I don't really know what else to call this, and you don't have to sneak into my room to read my diary, so here is my review. It is VERY long!Timing is everything. It sounds glaringly simple; it sounds terrifically clichéd. But everyone in the queue for a Morrissey concert knows this. When did you arrive? When doors open, how fast can you run in? Will you find your spot at the barrier quickly enough? What number are you on the list? We wonder these things as we all wait in line, our breath also held with anticipation for another “list,” Morrissey’s first novel, List of the Lost¸ which comes out this week.

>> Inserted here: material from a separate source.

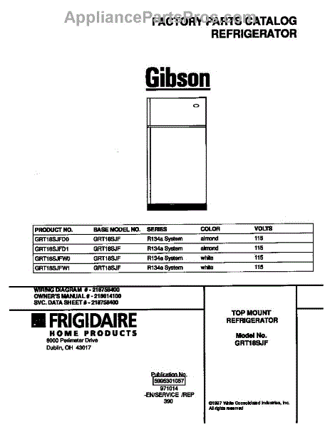 Parts for Frigidaire GRT18SJFW1: 01 - Cover Parts
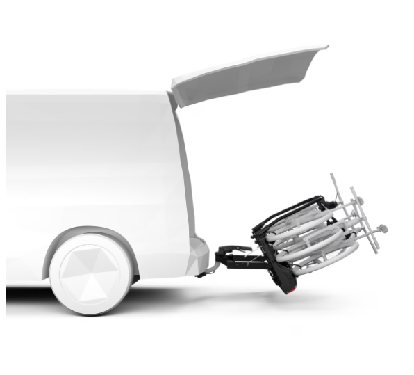 Thule VeloSpace 3 ondersteunt wielbasissen tot 1350 mm en individuele fietsgewichten tot 30 kg. Het stevige platform en doordachte constructie houden fietsen stabiel onderweg. De versie voor 3 fietsen biedt een slimme kantelfunctie die gemakkelijke toegang tot de kofferbak biedt. De kantelhoek kan worden veranderd van 50 tot 65° voor toegang tot de achterklep van compacte bestelwagens.

Queuing is a tremendous experience, if not also, for a newcomer, a somewhat intimidating one. I should know, for I’m quite new to all of this. Living over in Canada, I didn’t discover Morrissey until about a year and a half ago. There… I tore the bandage off… I’ve admitted it. I find it nearly an embarrassing thing to admit when I talk with those I meet from all over the world, those who have been to literally hundreds of concerts, or those who have loved him since his Smiths days. But this is my reality, and something I can’t help, as much as I would like to go back in time and somehow find him sooner, I can’t. Timing. I can’t change it. For my entire life, I had always felt like a bit of an outsider, and not understood in any way, but then I found Morrissey and suddenly, things made sense. Or perhaps, more precisely, it suddenly made sense that I thought many things in life don’t make any sense, and thank goodness someone was finally pointing that out.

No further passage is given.